The pictures are to be left out when the listing below is reproduced word for word.

DATA SECTION:
------------------------------------------------------------------------
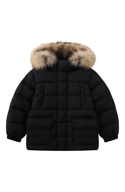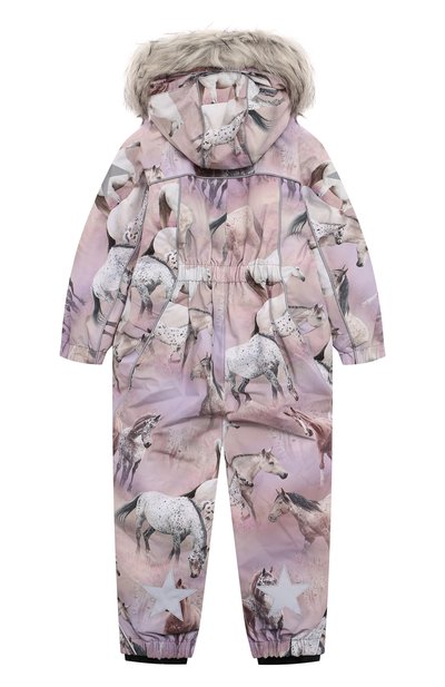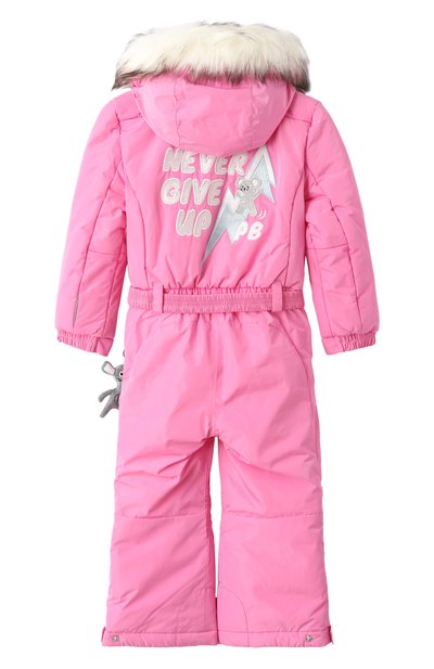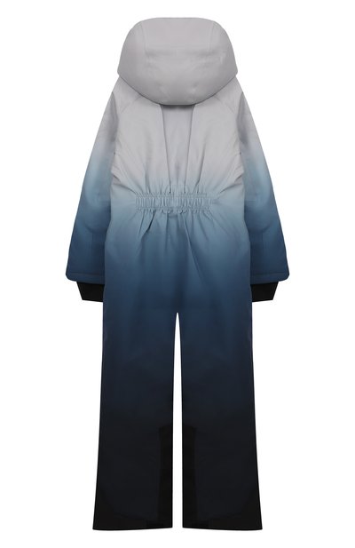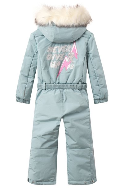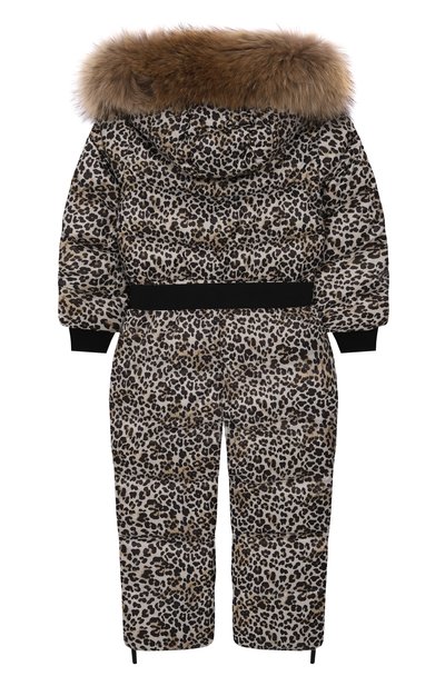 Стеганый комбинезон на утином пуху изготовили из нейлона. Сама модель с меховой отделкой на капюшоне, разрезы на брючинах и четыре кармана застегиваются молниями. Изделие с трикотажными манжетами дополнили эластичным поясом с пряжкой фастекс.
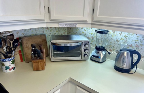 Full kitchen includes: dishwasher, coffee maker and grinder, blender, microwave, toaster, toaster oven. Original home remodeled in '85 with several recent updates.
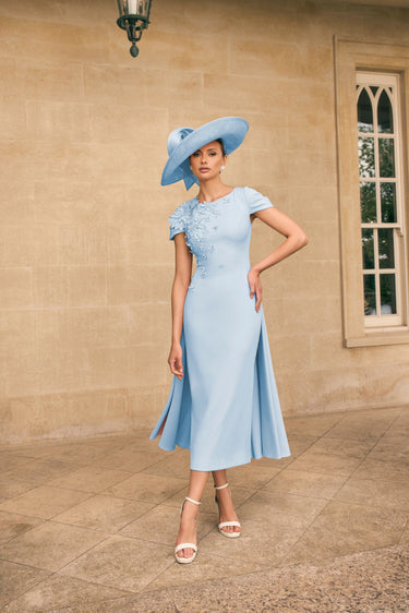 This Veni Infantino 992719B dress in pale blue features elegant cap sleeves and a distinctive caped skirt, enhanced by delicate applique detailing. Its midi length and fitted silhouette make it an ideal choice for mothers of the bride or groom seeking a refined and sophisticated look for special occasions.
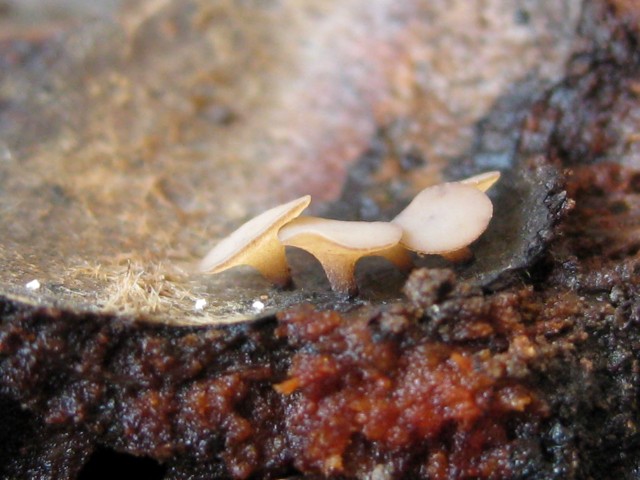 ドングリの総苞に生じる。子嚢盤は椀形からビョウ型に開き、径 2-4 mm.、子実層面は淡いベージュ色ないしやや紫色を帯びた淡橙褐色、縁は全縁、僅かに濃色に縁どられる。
------------------------------------------------------------------------
ANSWER:
 Стеганый комбинезон на утином пуху изготовили из нейлона. Сама модель с меховой отделкой на капюшоне, разрезы на брючинах и четыре кармана застегиваются молниями. Изделие с трикотажными манжетами дополнили эластичным поясом с пряжкой фастекс.
 Full kitchen includes: dishwasher, coffee maker and grinder, blender, microwave, toaster, toaster oven. Original home remodeled in '85 with several recent updates.
 This Veni Infantino 992719B dress in pale blue features elegant cap sleeves and a distinctive caped skirt, enhanced by delicate applique detailing. Its midi length and fitted silhouette make it an ideal choice for mothers of the bride or groom seeking a refined and sophisticated look for special occasions.
 ドングリの総苞に生じる。子嚢盤は椀形からビョウ型に開き、径 2-4 mm.、子実層面は淡いベージュ色ないしやや紫色を帯びた淡橙褐色、縁は全縁、僅かに濃色に縁どられる。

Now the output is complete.